The Colt Delta Elite is a modified M1911 pistol, Series 80 configuration, chambered for the 10mm Auto. It is similar to the M1911 in design and operation. Colt manufactured both stainless steel and blued versions with eight-round magazines. A Delta Gold Cup model was also offered for target competition. The stainless steel Government Model version has recently been reintroduced.

Released in 1987, it was the second commercial pistol chambered in the 10mm cartridge, following the Dornaus & Dixon manufactured Bren Ten pistol, which was released in 1983 and pioneered the 10mm Auto chambering.

History
The Delta Elite is credited as being the first firearm produced by a major manufacturer to chamber the 10mm. The ill-fated Bren Ten sparked interest in the 10mm round with outdoorsmen and as a defense round.

The pistol was dropped from production in 1996 due to lackluster sales and the availability of smaller pistols with higher magazine capacities chambered in .40 S&W.

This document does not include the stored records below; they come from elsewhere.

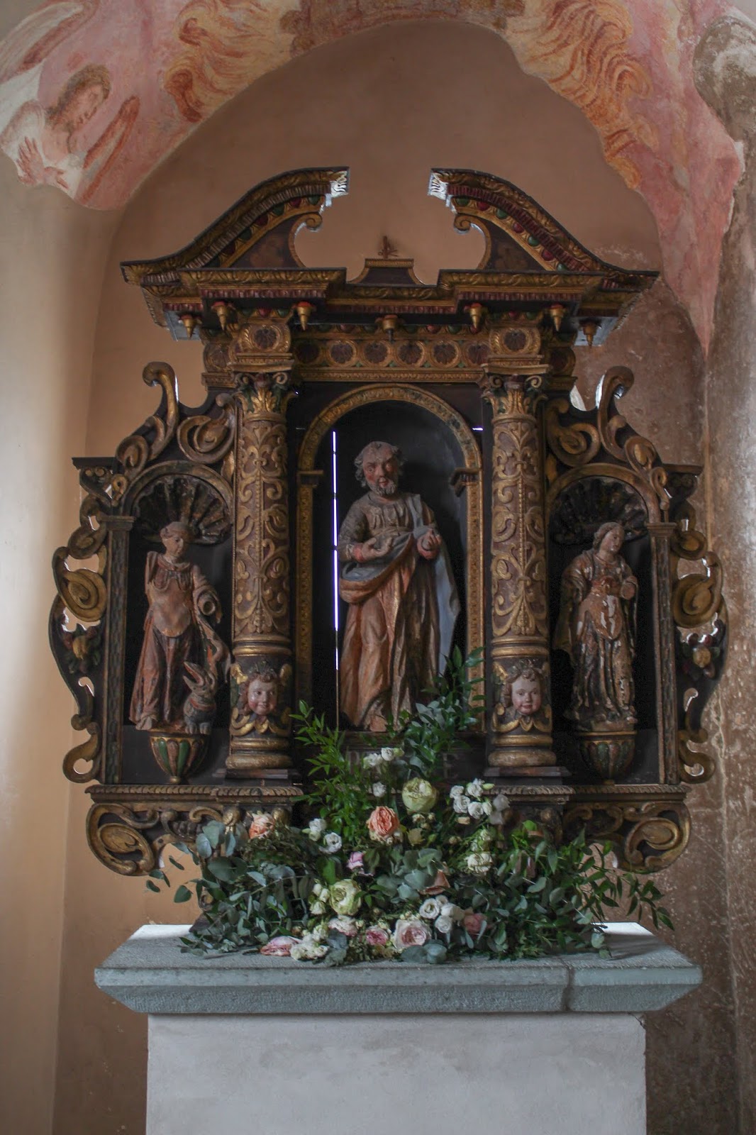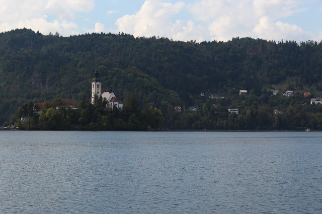 A vár meglátogatása után felkerekedtünk, hogy megnézzük a tó közepén lévő Mária mennybemenetele templomot. A szigetre pletnával lehet eljutni, nagyjából 10 perc alatt. Mivel a tavon motoros járművek nem közlekednek, nagyon hangulatos, csendes, a látványról nem is beszélve. Ott 40 percünk volt mindent megnézni. A A templomról kívülről sajnos nem tudtam használható képet csinálni, így csak a belsejét tudom nektek megmutatni.
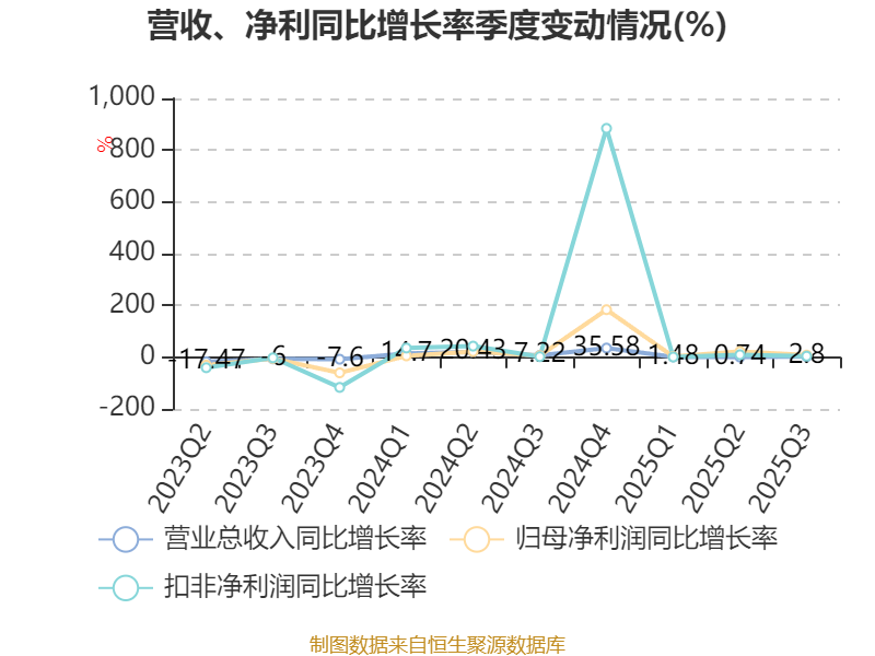 资产重大变化方面,截至2025年三季度末,公司货币资金较上年末减少48.9%,占公司总资产比重下降29.34个百分点;交易性金融资产合计较上年末增加679.27%,占公司总资产比重上升17.99个百分点;其他非流动资产较上年末增加8232.51%,占公司总资产比重上升7.08个百分点;在建工程合计较上年末减少90.86%,占公司总资产比重下降6.29个百分点。
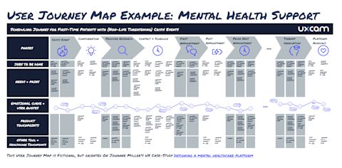 This user journey map is fictional but oriented on Johanne Miller’s UX case study Designing a mental healthcare platform.
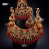 Collar Bridal Necklace Set with Bindiya and Jhoomar is an essential component of a bride’s ensemble, elevating her overall look on her special day. The set typically includes a combination of pieces that complement the bride’s wedding dress and personal style, creating a harmonious, elegant aesthetic. These sets often consist of a necklace, Jumkha, and Bindhia, a tikka (headpiece) , each meticulously designed to enhance the bride’s beauty.

Colt announced the re-introduction of the Delta Elite at the 2008 SHOT Show. This new generation is generally similar to the previous version.  The "new" Delta Elites will be manufactured with the traditional barrel/bushing arrangement. Colt Customer Service stated they had a lack of acceptable accuracy problem with the "bull" bushingless barrel setup. That was the cause of the delay in the Delta Elite's production schedule. The new Delta Elite pistol was released March 31, 2009.

Design
The Delta Elite is a standard M1911 design, with a few minor differences from the latest Series 80 derivative of that pistol. It carries the rowel "Commander" type hammer of that pistol and the same overall features of the 1911 that have made it so popular with users. However, the Delta Elite carries a stiffer double recoil spring to handle the increased recoil of the 10mm round. Unlike the .400 Corbon, the 10mm can easily exceed the pressure levels of the .357 Magnum, thus stressing the original design's limitations, unless care is given. Many gunsmiths have their own modifications which they feel adjust the level of felt recoil of the Delta Elite. Some of the first Delta Elites had a tendency to suffer flex-induced slide rail stress cracks.  This was quickly addressed by removing the section of the rail above the slide-stop cutout.

Variants
Variant 1 Blued – a standard blued Delta Elite.
Variant 1 Stainless – a standard stainless Delta Elite, featuring pebbled texture wrap-around grips and a solid silver aluminum trigger.
Variant 2 – Colt Gold Cup Ten. Assembled by Colt Custom Shop with only 500 being produced. Serial Numbers begin GCTEN ending with numerals from 001 to 500.
Variant 3 – Colt Match 10. The Gold Cup versions were not available at the time, so this was the most advanced 'Gold Cup' type available. The adjustable Millet style sight allows it to be centered for decent groups at 25 yards. According to Colt, approximately 400 were manufactured in 1988.
Variant 4 – spur hammer with black grips
Special variant – Colt Elite Ten Forty — the Colt Elite Ten/Forty was a special edition for Lew Horton Co. in the early 1990s. This edition is a special dual caliber offering of the Combat Elite semi-automatic pistol. The pistol is furnished in .40 S&W and includes a 10mm Auto conversion kit consisting of a barrel slide stop, two recoil springs and guide, and a stainless steel 10mm magazine. In addition, each pistol is specially roll-marked "ELITE TEN/FORTY" on the left side of the slide and features a flat mainspring housing. This edition consists of approximately 411 units and utilizes a special serial number prefix 1040E.
New variation – reintroduced in 2009 (model O2020) with diamond texture wrap-around grips. Updated recoil spring and guide rod.  In 2015, a version with wood grips and serrated front strap was introduced (O2020WG). In 2016, a small run of two-tone blued slide/ stainless steel frame O2020s was manufactured for distribution by Bill Hicks (box marked O2020 but sometimes referred to as O2020Z). Also in 2016, the Delta Elite was upgraded to model O2020XE, with Novak sights, extended thumb safety, beavertail grip safety, enhanced hammer, flared ejector port, Gold Cup serrations, and 3 hole trigger. A FDE cerakote version of this gun was offered by Davidson's (O2020FDE).  In 2017, Colt introduced the Delta Elite Rail Gun (O2020RG).

See also
Glock 20, another relatively successful pistol chambered for 10mm Auto
Kimber Eclipse, another 1911-style handgun chambered in 10mm Auto
Tanfoglio Force, a popular Italian-made clone of the CZ-75 chambered in 10mm Auto

References

External links

Carryconcealed.net reviews the Colt Government 10mm
Ballistics By The Inch testing of ballistic performance of the Delta Elite.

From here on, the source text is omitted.